忠田愛さんの個展『-うつしおみ-』を観るために、元町にあるギャラリー歩歩琳堂へ。
「うつしおみ」って、なんだろう。個展のご案内をいただいた時に、フライヤーを手にしながら感じたことでした。
調べてみると「生きている現実の人間」「この世の人の姿」などという言葉が並んでいて、 何故だかわたしはもっとわからない心持ちになってしまったのを覚えています。
その気持ちが忠田さんの作品を拝見すると、何故かもっと不思議なのだけれど、その「うつしおみ」という言葉と作品とがしっかりと寄り添っていて、わたしは強く納得をしてしまう。
石を使用されていることもあるからか、平面の作品であっても、まるで立体の作品を観ているように思えてくる。
ひとつひとつを大切に削り出してみると、そこから現れた…というような、出会った…というような、強い存在と体験。
忠田愛さんは、もう出会うことがない人も、もう見ることのない風景も、一瞬一瞬のそこにある感動や美しさや悲しみさえも、まるでまだそこで止まることなくゆっくりと呼吸し続けているように…生き続けているように…そんなふうに作品にする方なのだと感じました。
実際につくられていた立体作品も版画の作品もとても素敵で、息をのむように、まるで手のひらの中のホタルをそっとのぞく時のように、そんな想いで作品と向き合えた時間。
また、はじめてお会いすることの出来た忠田さんも、華奢なお姿でありながら、静かな強さに溢れた優しい方でした。
じんわりとした、あたたかな気持ちでギャラリーを後にして、そこから少し山の手に上り、同じく神戸で展覧中の伊吹拓さんの個展『絵の声、色の夢』を観るためにGALLERY & SPACE DELLA-PACEまで。
伊吹さんの作品を拝見していると、そこに描かれているものが具体的な像ではないにもかかわらず、広角であったり近接であったりと、それぞれの作品のフォーカスがきちんと自分の中でしっくりと合ってくる感じがします。

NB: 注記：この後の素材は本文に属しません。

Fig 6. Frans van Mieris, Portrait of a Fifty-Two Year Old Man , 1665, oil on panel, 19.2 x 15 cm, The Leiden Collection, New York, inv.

画面の中にはいつでも魔法がかかったような不思議な力の流れがあって、それは伊吹さん自身を動かしている細胞や血の流れのようにも感じられ、作品を観ているわたし達はその流れに身を任してしまうというか…大きな自然の出来事に抱かれるというか…そんな感覚を覚えてしまう。
そして。いつ、いつでも、あっという間に白うさぎを追って穴に落ちてしまったアリスのような心持ちになってしまいます。

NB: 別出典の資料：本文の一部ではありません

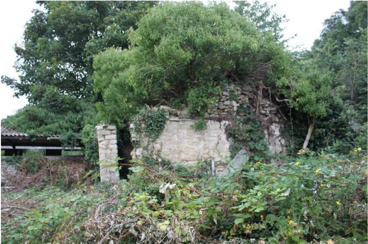
Plate 89: Southern end of Outbuilding F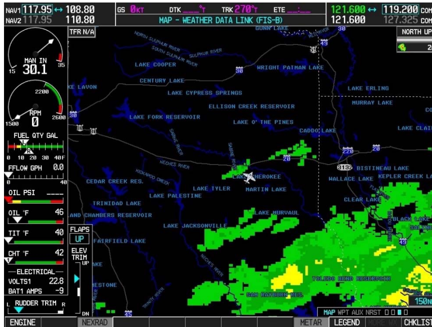
Figure SB M20-342-4 - Example ADS-B FIS-B NEXRAD Display

THIS BULLETIN DOES NOT CHANGE AIRCRAFT TYPE DESIGN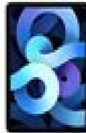
iPad Air (4th generation)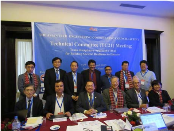
Photo 5 Thirteen representatives from CICHE, HAKI, JSCE, NEA, and PICE presented to the TC21 internal meeting on April 23 and made an intensive discussion for three hours.

http://www.acecc-world.org/TC21/index.htm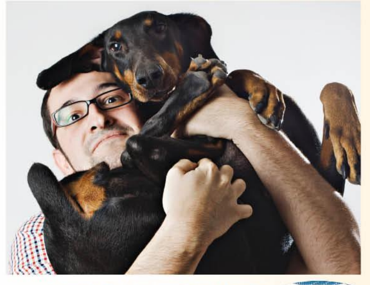
© 2010 VetThink, Inc. www.Genesis4Pets.com (Genesis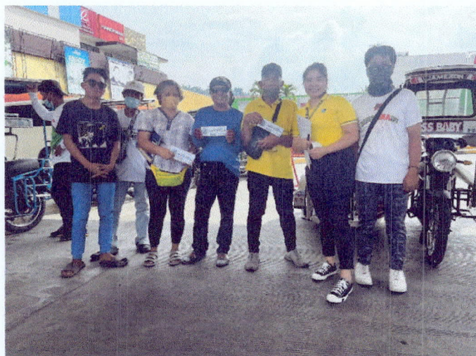
PHOTO DOCUMENTATION DURING THE DISTRIBUTION OF THE “NO TO PLASTIC” CAMPAIGN STICKERS AS IEC MATERIALS

Republic of the Philippines Department of Environment and Natural Resources MIMAROPA Region Provincial Environment and Natural Resources Office

けれど、画面の中にあるものは決して不条理や非現実的なものではなくて、心地のよい冒険心とまだ見たことのない世界を味わける快感。
伊吹さんをはじめ、ギャラリーには奥さまと息子さんもおられ、なんだかこれも一つの不思議な体験として、わたし達の中には見えないかたちとなって残っていくのだ…と。
ギャラリーを出ると、もう強い西日が照りつけていて、わたし達はそれからのんびりと神戸の街を歩き、「ミナコ、おやつ買い過ぎ」などとシゲルさんに言われたりする。
わたし達は、わたし達ふたりで様々な人達と出会っていけることを、嬉しく、まだまだもじもじと、ゆっくりと大切にしていく。